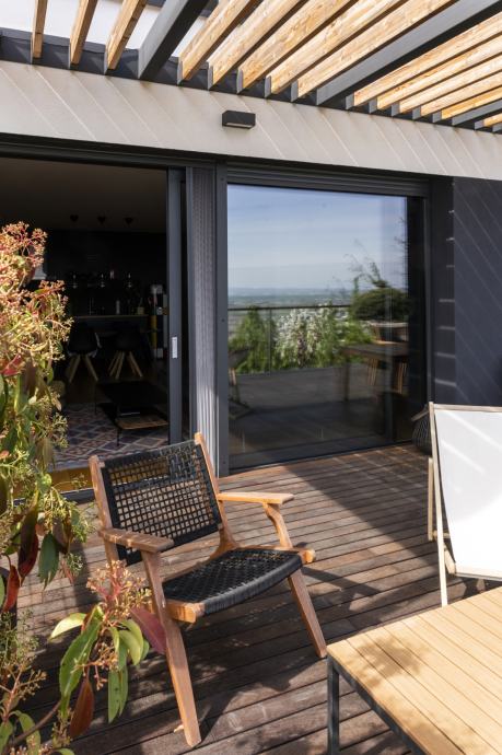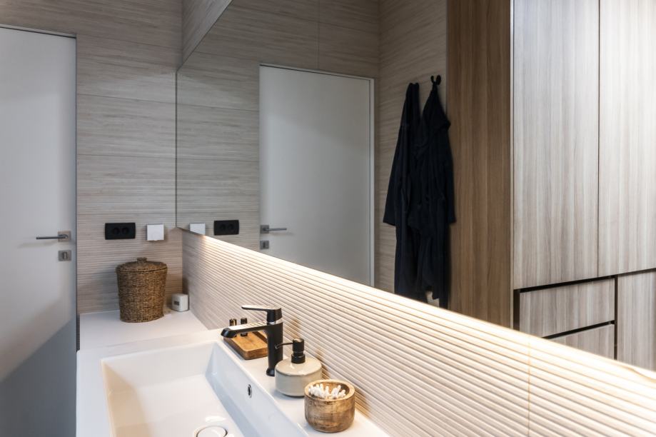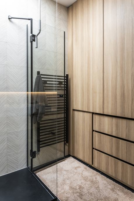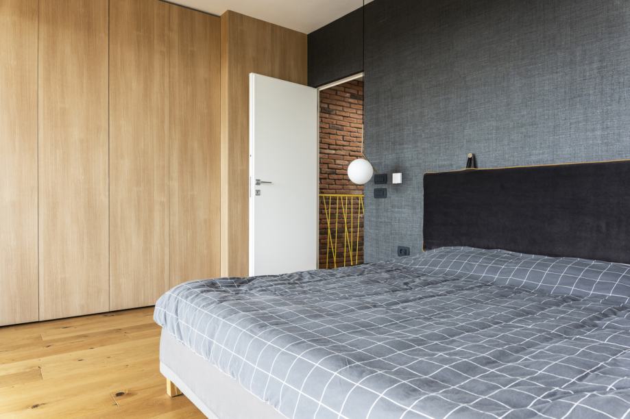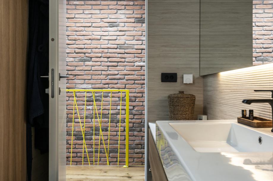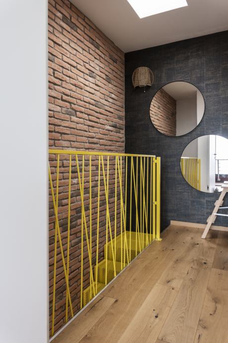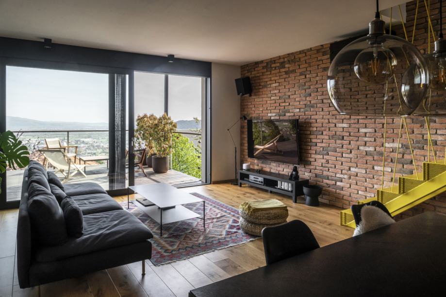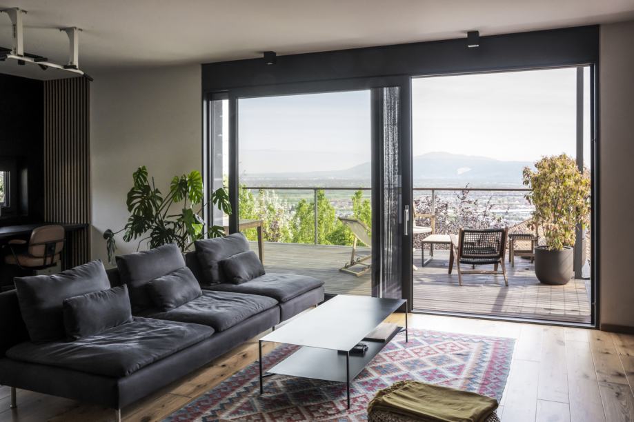 Ulazna vrata su aluminijska (150x240cm) Inotherm sa otvaranjem preko koda ili otiska prsta. Dvije velike podizno klizne stijene (420x240cm) su također aluminijske kao i veliki duguljasti prozor u radnoj sobi. 3 krovna prozora su Velux. U kući su ugrađena troja sobna vrata sa skrivenim štokom, tako da izgledaju kao da su dio zida. Veliki zid u dnevnom boravku koji se stepenicama prostire i na kat obložen je dekorativnom ciglom. Podna obloga u cijeloj kući osim u kupaonici i wc-u je prvoklasni hrastov parket. U kuću su ugrađena 4 ormara po mjeri (na ulazu u kuću, u hodniku kata, u kupaonici i spavaćoj sobi) plus podni ormar ispod radnog stola u radnoj sobi.
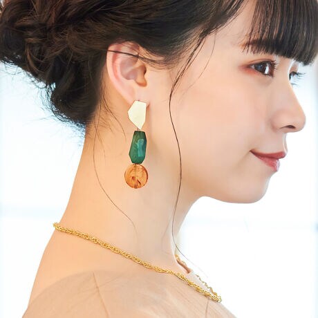 【バイカラーのアクリルが存在感を放つ、ボリュームピアス】
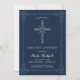 Esta elegante y clásica primera invitación a la comunión sagrada presenta una cruz blanca dibujada con un borde detallado que se corresponde. El ejemplo se muestra en azul marino, pero el color de fondo se puede personalizar a su gusto. Perfecto para su ocasión religiosa especial, el texto también puede ser personalizado para su evento.

────────────────

WHAT IS NEEDED
The response has to be an exact copy of all the data, pictures excluded.

EXERCISE SOLUTION
 Ulazna vrata su aluminijska (150x240cm) Inotherm sa otvaranjem preko koda ili otiska prsta. Dvije velike podizno klizne stijene (420x240cm) su također aluminijske kao i veliki duguljasti prozor u radnoj sobi. 3 krovna prozora su Velux. U kući su ugrađena troja sobna vrata sa skrivenim štokom, tako da izgledaju kao da su dio zida. Veliki zid u dnevnom boravku koji se stepenicama prostire i na kat obložen je dekorativnom ciglom. Podna obloga u cijeloj kući osim u kupaonici i wc-u je prvoklasni hrastov parket. U kuću su ugrađena 4 ormara po mjeri (na ulazu u kuću, u hodniku kata, u kupaonici i spavaćoj sobi) plus podni ormar ispod radnog stola u radnoj sobi.
 【バイカラーのアクリルが存在感を放つ、ボリュームピアス】
 Esta elegante y clásica primera invitación a la comunión sagrada presenta una cruz blanca dibujada con un borde detallado que se corresponde. El ejemplo se muestra en azul marino, pero el color de fondo se puede personalizar a su gusto. Perfecto para su ocasión religiosa especial, el texto también puede ser personalizado para su evento.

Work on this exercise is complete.